I had to admit, I had a point.
Anyway, this story has already been flogged all over the blogosphere, so I'll keep it short:
WSJ: Whole Foods Is Hot, Wild Oats a Dud -- So Said 'Rahodeb'
Rahodeb was an online pseudonym of John Mackey, co-founder and chief executive of Whole Foods Market Inc. Earlier this year, his company agreed to buy Wild Oats for $565 million, or $18.50 a share.
For about eight years until last August, the company confirms, Mr. Mackey posted numerous messages on Yahoo Finance stock forums as Rahodeb. It's an anagram of Deborah, Mr. Mackey's wife's name.

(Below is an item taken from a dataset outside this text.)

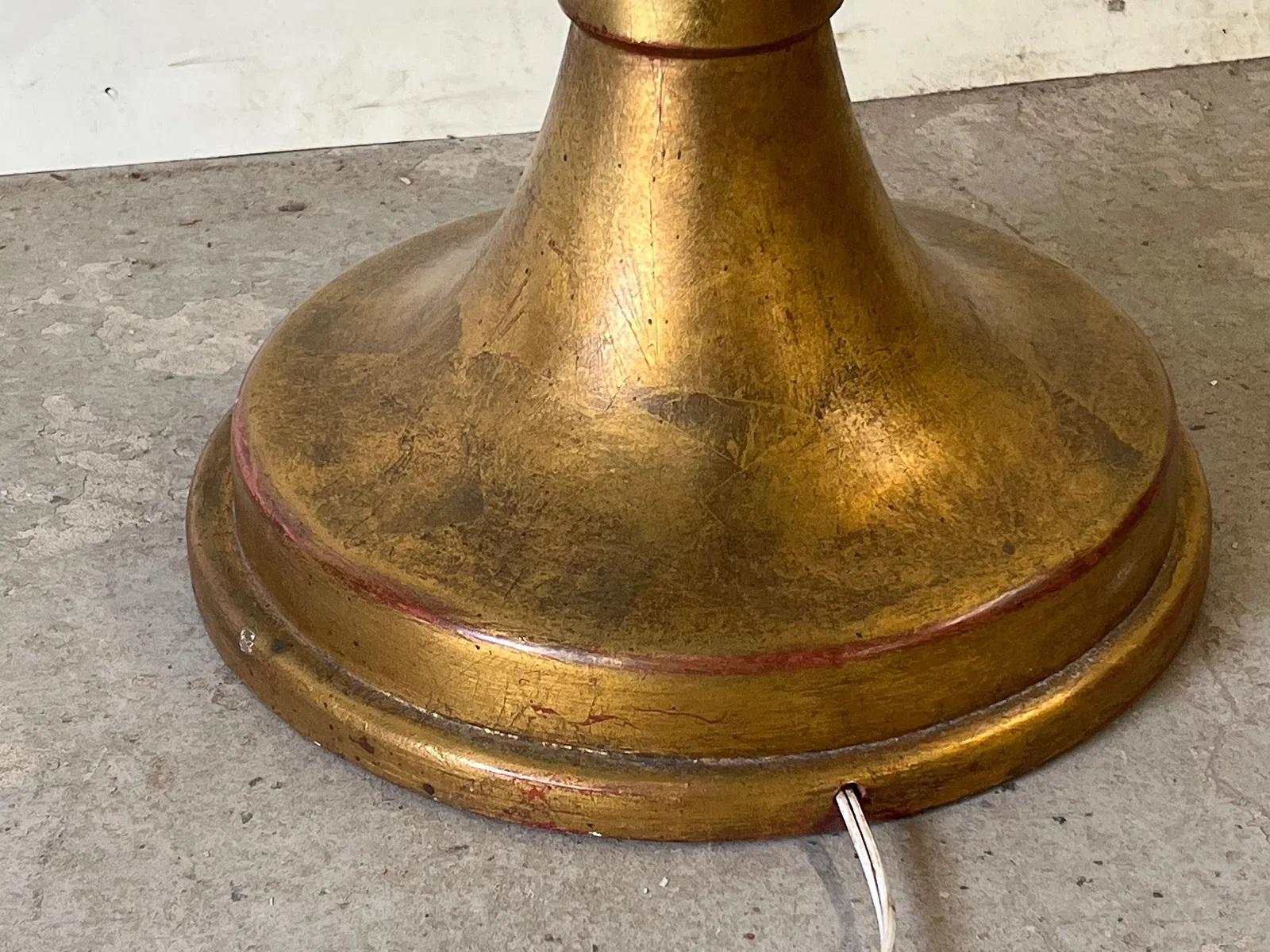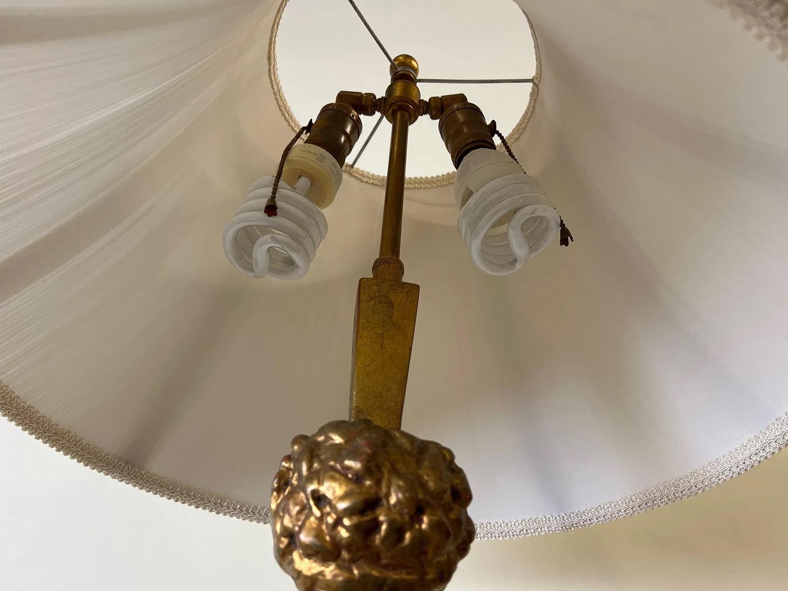 Una lámpara de pie Art Déco, chic y con carácter, atribuida a Masion Dominique. Construida con madera torneada y tallada, lacada y decorada con gesso dorado, actualmente muy patinado...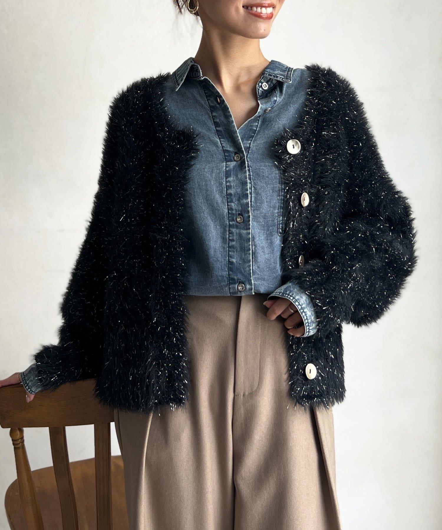預約商品亮片羽毛兩用開衫

Rahodeb cheered Whole Foods' financial results, trumpeted his gains on the stock and bashed Wild Oats.
Even if Mr Mackey did not issue material non-public information, or make statements that impacted Whole Foods' stock price, his behavior, while not necessarily illegal, is definetely unethical, and probably incredibly thoughtless. You might even call it stupid.

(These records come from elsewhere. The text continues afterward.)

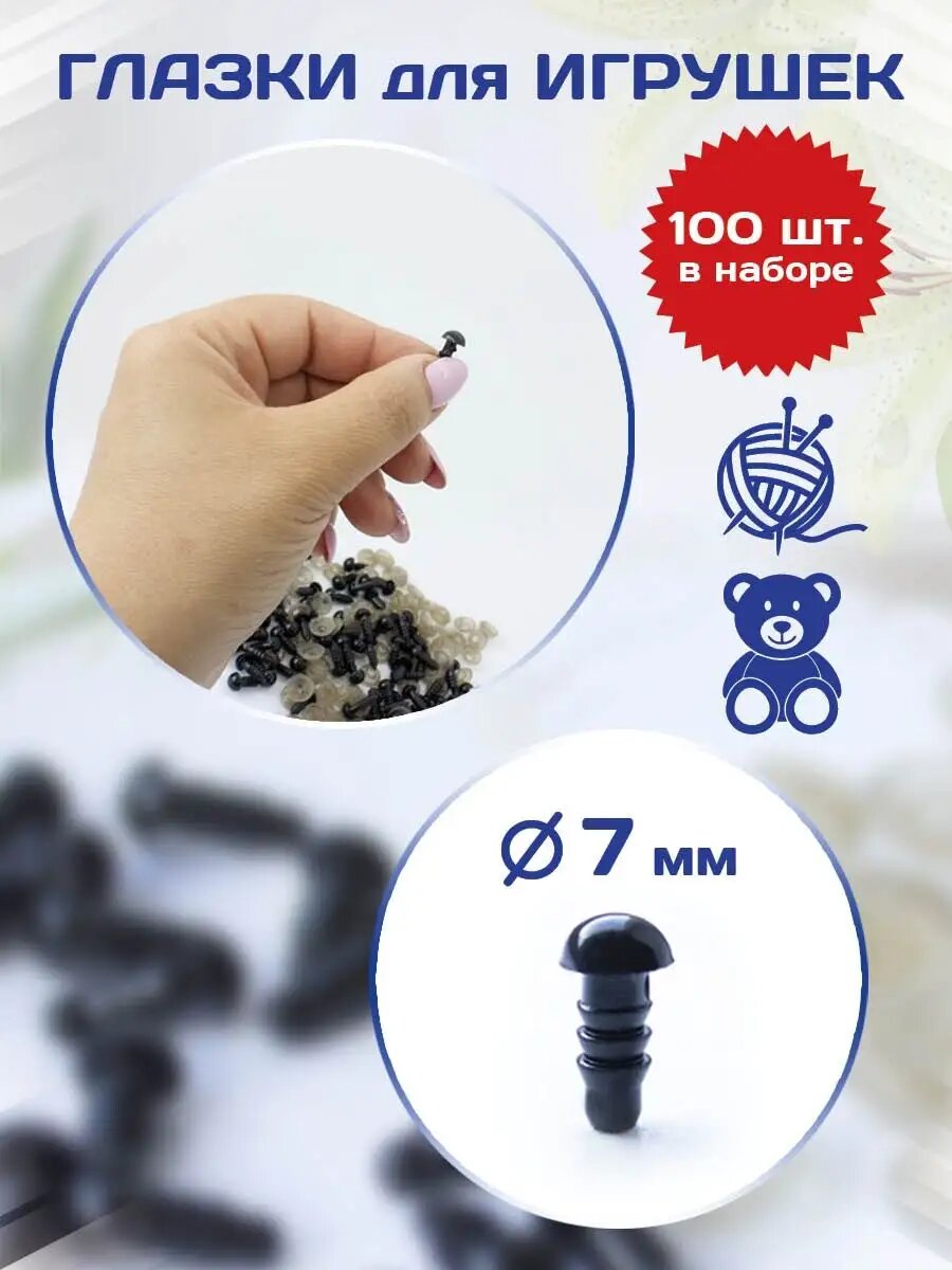 Пластиковые черные глазки с фиксатором 7 мм, 100 шт. интересное: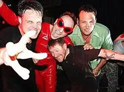 Founding members Lance Myers and Jeremy "Jerm" Pollet met while working at a Greek restaurant, with Myers being introduced to Pollet around 1990 by a friend.[4][3] Myers contributed to Pollet's humor magazine Powerball, and briefly served as an auxiliary member of Pollet's rap group Brother's Cup.[5][3] Gals Panic was formed in 1992 after Pollet approached Myers with the suggestion of forming a ska band where he would be the guitarist and Myers would be the lead singer.[6][7] Both lacked formal music training, with Myers having never sung before.[4] The group was named after the Kaneko arcade game Gals Panic, where articles of clothing on women are removed upon level completion.[6] The original lineup for Gals Panic consisted of vocalist Lance Fever (a name Myers took on), guitarist Jerm Pollet, and bassist DJ Saturn playing along to a drum machine programmed by Mark Nineteen.[8]
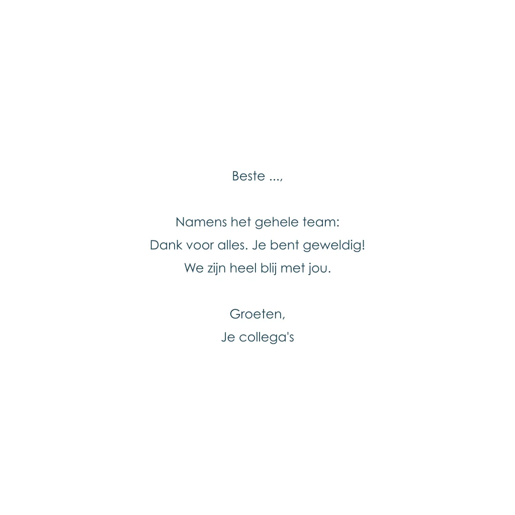 Eenvoudige maar vrolijke wenskaart om een collega te complimenteren. Het emoji duimpje zorgt voor een leuke funfactor binnen deze kaart.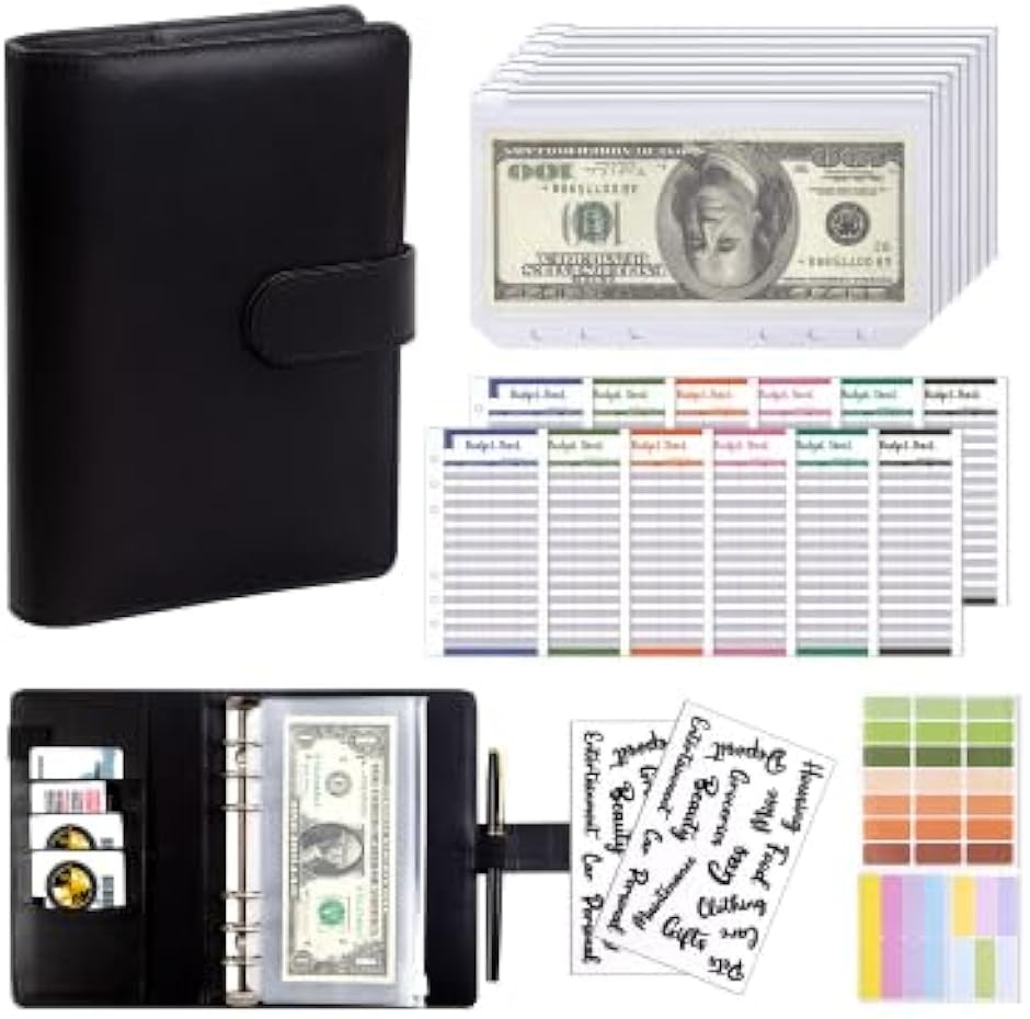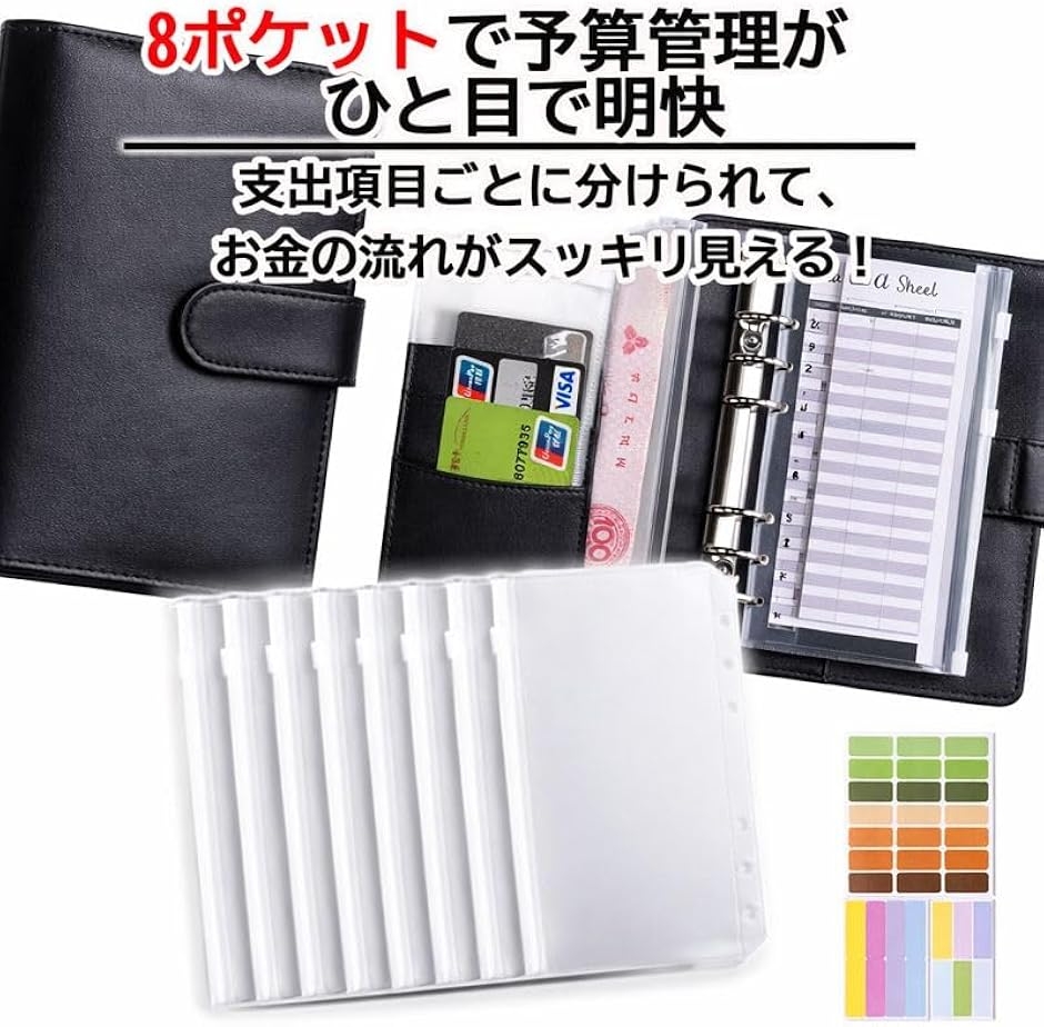 | 商品名 | お金管理ポーチ A6サイズ 家計簿セット 袋分け 貯金ノート 現金管理 ファスナーポケット8枚付き ブラック |

For starters: Yahoo! Finance? Good God, that's the lowest of the low. I used to think that bulletin boards devoted to bodybuilding, powerlifting and other iron sports were full of bizarre, damaged personalities, until I took my first forray into browsing the world of internet stock boards. "Bedlam" doesn't even begin to cover it. I've ranted about this before, so I'll leave it there.
Secondly, as the officer of a publically traded company, Mr Mackey has a duty to shareholders to disseminate information through appropriate channels. If nothing else, hiding behind a pseudonym and cheerleading your own company to investors is sleazy as hell. No amount of circumlocution or fuzzy logic on his part can rationalize his way out of this.
Needless to say, the usual suspects in the blogosphere have all drawn the same parallel, comparing Mackey's behavior to that of Overstock.com's perennially surreal CEO, Patrick Byrne.
Long or Short Capital: The Patrick Byrne Award for Operational Focus and Excellence: Whole Foods CEO Rahodeb
I’m undecided if it’s a better or worse call than being a bat-crazy Quixote in public like Byrne. This is less ethical but more competent as as opposed to more ethical and less competent. But this is decidedley worse than not wearing a condom in Haiti, which is our standard threshold for management competence.
Dealbreaker: Only You Can Stop CEO Internet Addiction!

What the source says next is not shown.